**THE PROBLEM**: Please, from the entries below, transcribe exactly the lines that begin at the line with "Guess Silicone Metal" and end at the line with "وتابعت، أن لقاحات", without the pictures.

###

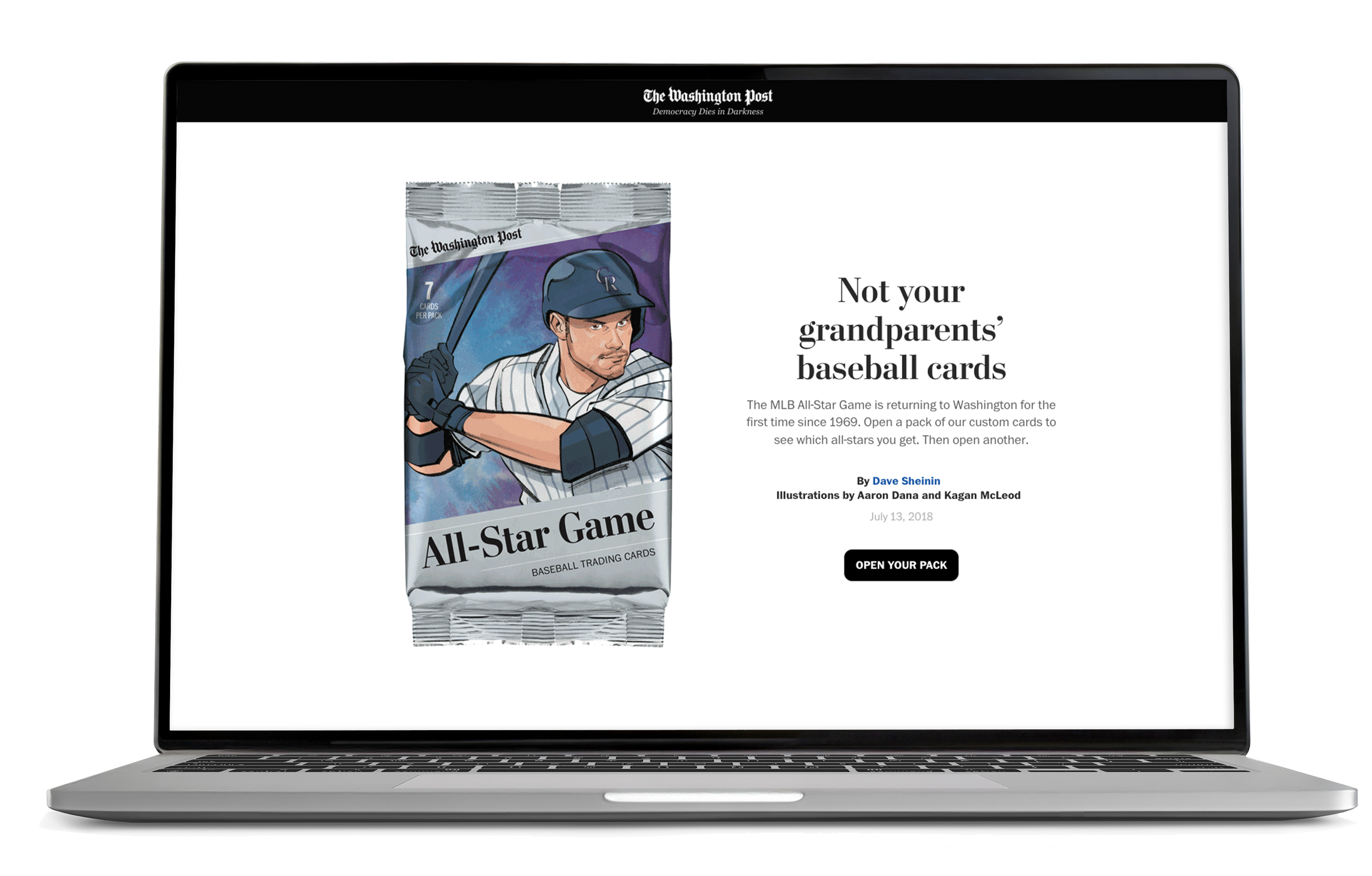 In addition to physical baseball cards, we also published a delightful digital presentation where readers could “open a pack” of cards.
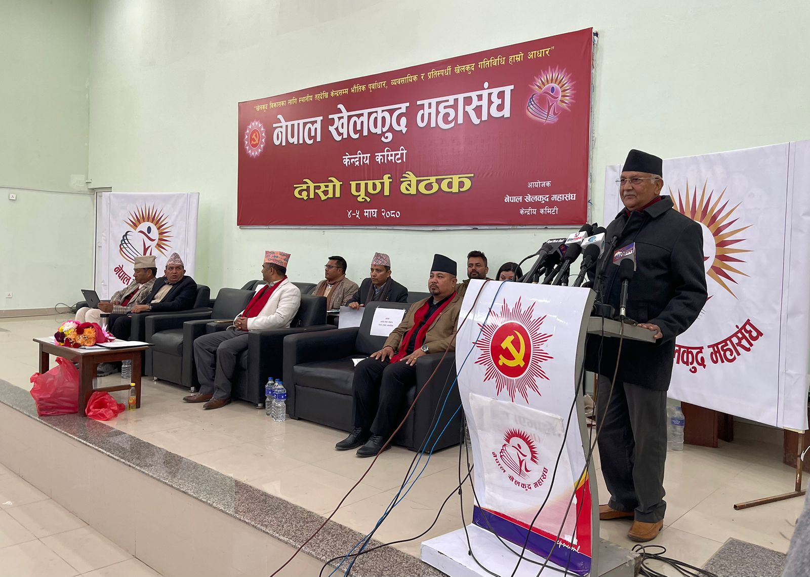 पार्टी निकट जनसंगठन नेपाल खेलकुद महासंघको केन्द्रीय कमिटी बैठकलाई सम्बोधन गर्दै अध्यक्ष ओलीले सरकार बुख्याचा भएकाले केही गर्न नसक्ने बताए ।
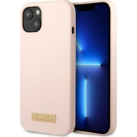 Guess Silicone Metal Logo MagSafe Apple iPhone 13 hátlap tok, rózsaszín (GUE002489)
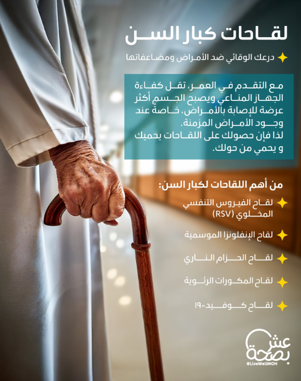 وتابعت، أن لقاحات كبار السن تعد درعا مناعيا؛ لأن كفاءة الجهاز المناعي تقل مع التقدم في العمر ويصبح الجسم أكثر عرضة للإصابة بالأمراض خاصة عند وجود الأمراض المزمنة.
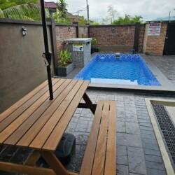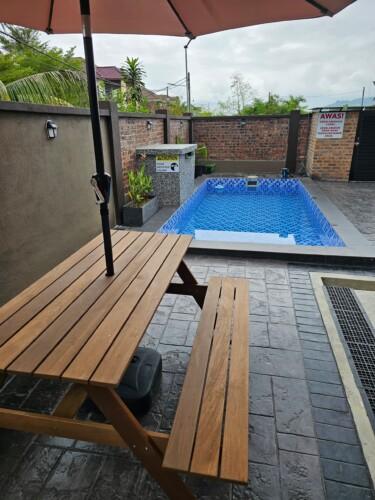 1½storey bungalow with strategic location for foods & to move around. About 2km away from the famous Bt Burok beach & Draw Bridge. 4rooms/area with acond fits 12pax comfortably. Private pool, bbq pit & dining table at the verandah make the stay more fun getting together with family & friends.
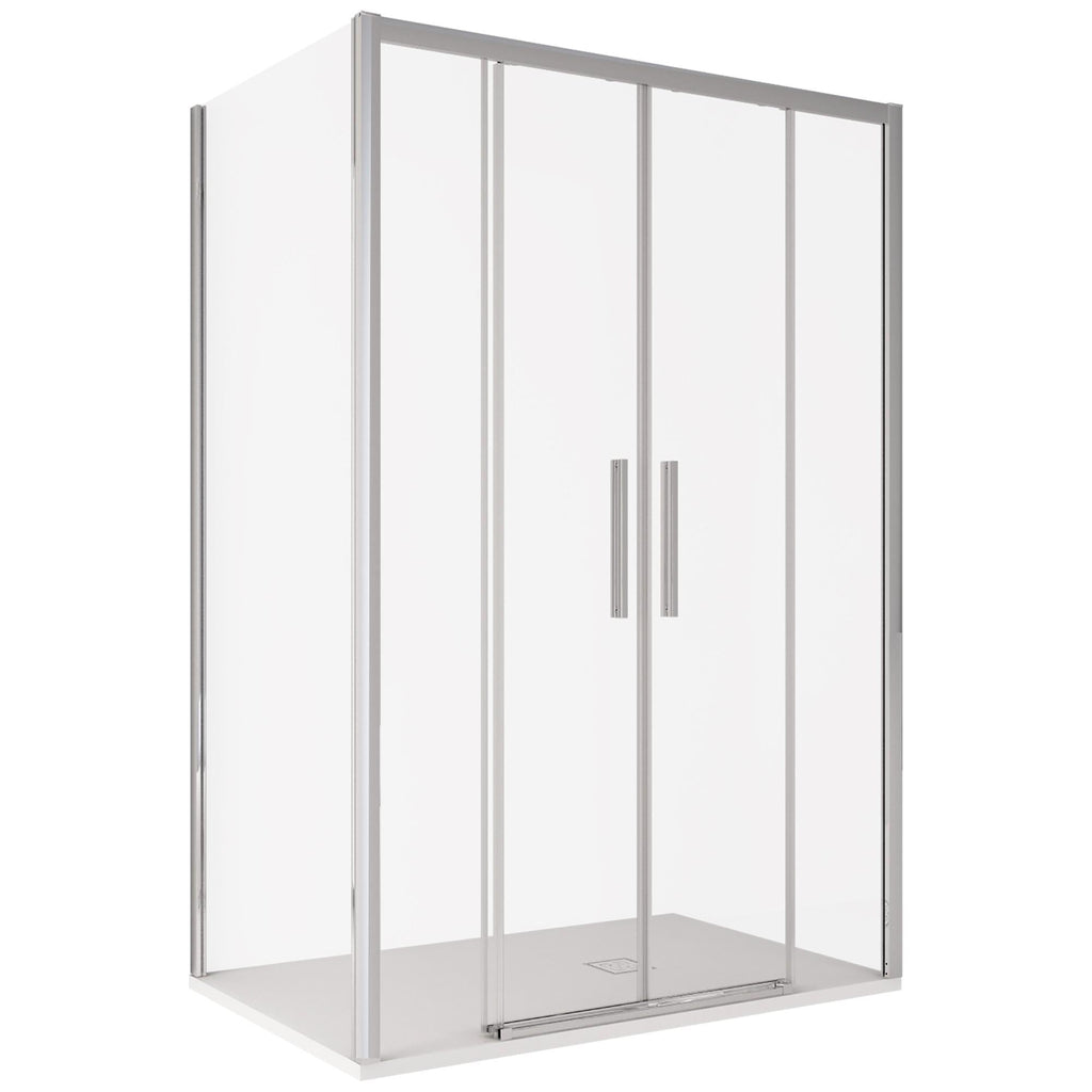 Cabine de douche 2 faces avec entrée frontale coulissante équipée d' une fermeture magnétique pour une parfaite étanchéité à l'eau, cristal de 6 mm avec traitement anti-calcaire qui empêche la formation de calcaire et facilite le nettoyage en permettant l' élimination des impuretés uniquement avec de l'eau chaude. Il vous permet de faire des économies en n'ayant plus à acheter des produits spécifiques. Peut être installé au ras du sol ou sur un receveur de douche . Roues en acier inoxydable et téflon.

###

**EXERCISE RESPONSE**:
 Guess Silicone Metal Logo MagSafe Apple iPhone 13 hátlap tok, rózsaszín (GUE002489)
 وتابعت، أن لقاحات كبار السن تعد درعا مناعيا؛ لأن كفاءة الجهاز المناعي تقل مع التقدم في العمر ويصبح الجسم أكثر عرضة للإصابة بالأمراض خاصة عند وجود الأمراض المزمنة.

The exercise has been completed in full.